ひゃっはー。久々の会話(ただし、AI除く)。俺がこのままボッチにならないよう、頑張ってもてなすぞー。

「やあ、タマムシ。来てくれてありがとう」

[こんにちは]

 俺とタマムシは消毒ドームを抜け、客室ドームへと進んだ。しかし、タマムシは全く警戒心を出さずノコノコついてくる。
 今回タマムシと積極的に交流しようとしているのは、俺がこの先何年ぼっちでいるか分からないから、といった至極私的な理由からだが、それでも俺は一応のリスク管理をしている。
万が一、タマムシの種族と不和を起こした場合も、もちろん想定している。最悪の場合、このカルデラからの完全撤退のプランもシルフに立てさせた。
 疑り深いだけな気もするが、タマムシの無警戒さ無防備さは逆に俺に疑念を覚えさせる。まあ、何かあればそのときだ。少なくとも今は敵対することはないだろう。

[ここは...]

タマムシ用のドームに入り、タマムシは気がついたようだ。

「タマムシがくつろげるように、毒を取り除いた部屋を作ったんだ。どうだ?呼吸できそうか?」

[おそらく、ここなら問題なさそうです。一体どうやってこんな]

 多分驚いているのだろうが、種族が違いすぎてよくわからない。俺は、タマムシを透明な壁で半分に分断されたテーブルがある椅子に案内し、少し待つようお願いする。
 俺は一度消毒ドームを抜けてから、タマムシと対面の壁の向こうの部屋へ進み、タマムシに声をかける。

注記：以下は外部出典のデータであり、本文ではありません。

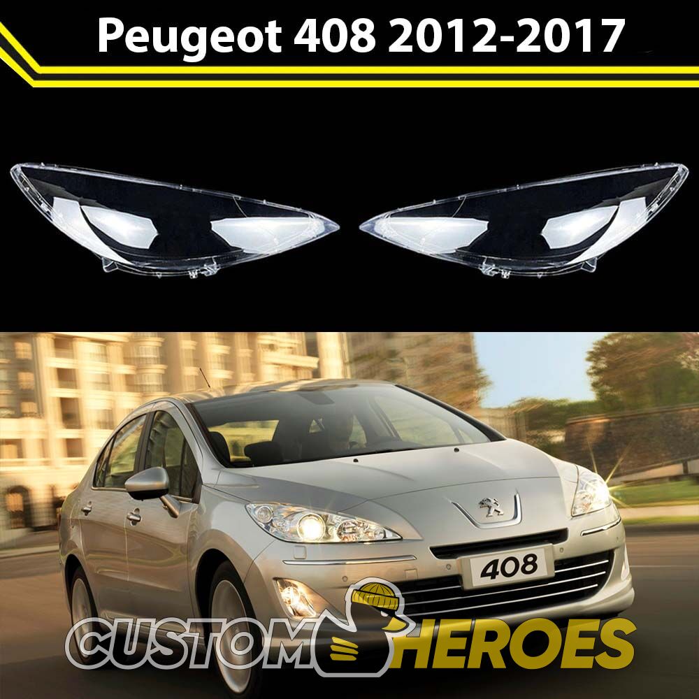 Высококачественные стекла фар из оптического поликарбоната с защитным УФ-лаком идеально подходят для замены оригинальных стекол фар на Peugeot 408 2012-2017 1 поколение

「タマムシの呼吸できる空気は、俺にとっては毒かもしれないから、この部屋を作ったんだ」

 ここは、透明な壁で囲った俺用の隔離空間だ。この中は地球環境と同じ大気構成になっている。もちろん、気圧も地球と同じだ。

「改めてようこそ。俺のドームへ。俺は島田健二」

 と、フルフェイスヘルメットを脱いで、ようやく自己紹介する。やっぱ顔見せて話たいよね。そのためにかなり苦労したけど。

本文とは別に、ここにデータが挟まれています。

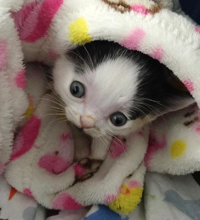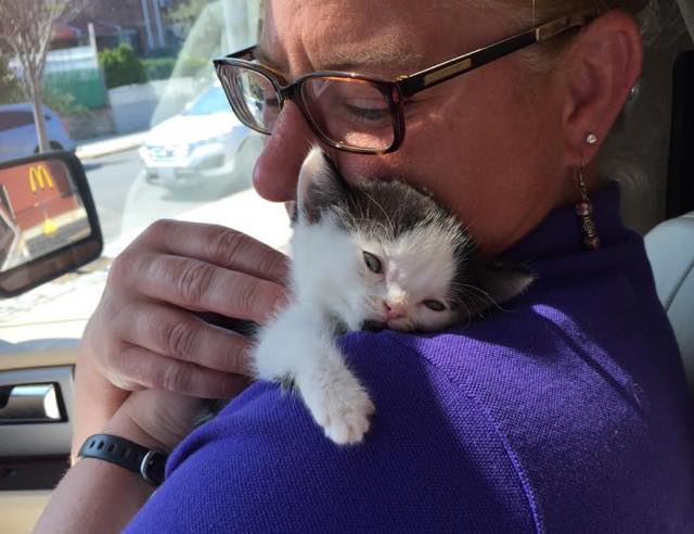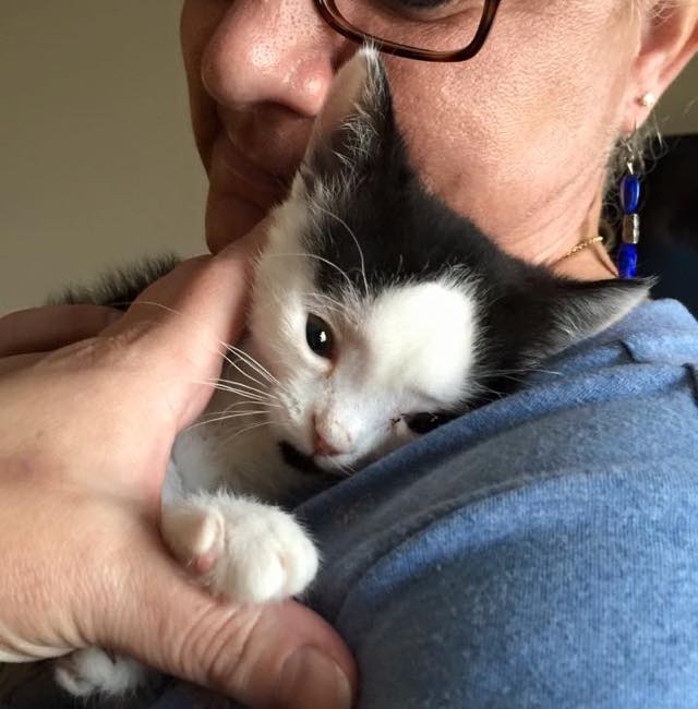 Zeke was located in a shelter home in Texas, but they couldn’t give him the treatment he needed. Luckily, Lisa came all the way from New York to help the little kitten.

[島田さん、あたらめまして、私はアズールと言います]

こうしてようやく、俺とアズールは自己紹介したのだった。

[島田さんの顔は少し私たちに似ているかもしれません]

 不意にアズールは、カマキリバイザーに手をかけ、バイザーを外した。いきなり外すとは驚きだ。

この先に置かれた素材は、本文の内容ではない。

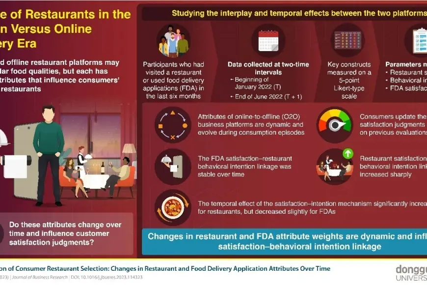 Scientists at Dongguk College discover the attributes influencing shoppers’ selection between in-person eating and on-line meals supply. It investigates the interaction of on-line and offline platforms and the way they evolve with time.

 アズールの素顔は確かに俺たち人間に近いと言えば近い。蝋を薄く塗ったような、薄い青色の肌。アーモンド型の二つの瞳は瑠璃色で、薄い瑠璃色のまつ毛に、頭髪。
眉毛はなく、眉の位置には平安貴族のような黒い斑点があった。
口の形は人間そっくりで、歯らしきものも見える。何より特徴的なのが、頭部上部からはえる触覚だろう。触覚は左右に二つあり、青と黒のストライプで長さも20センチほどある。この青と黒のコントラストは日本の昆虫ルリボシカミキリを想起させる。
 顔の作り全体的に見れば、人間の10歳前後の少女のようにも見えなくはない。
 前髪は人間の眉がある位置にある黒い斑点にかかるくらい。横後ろは首のあたりで切り揃えられている。

「確かに似ているかもしれないな」

どこか人間らしさを感じるその顔を俺はマジマジと凝視してしまう。
カミキリムシ少女...新しい。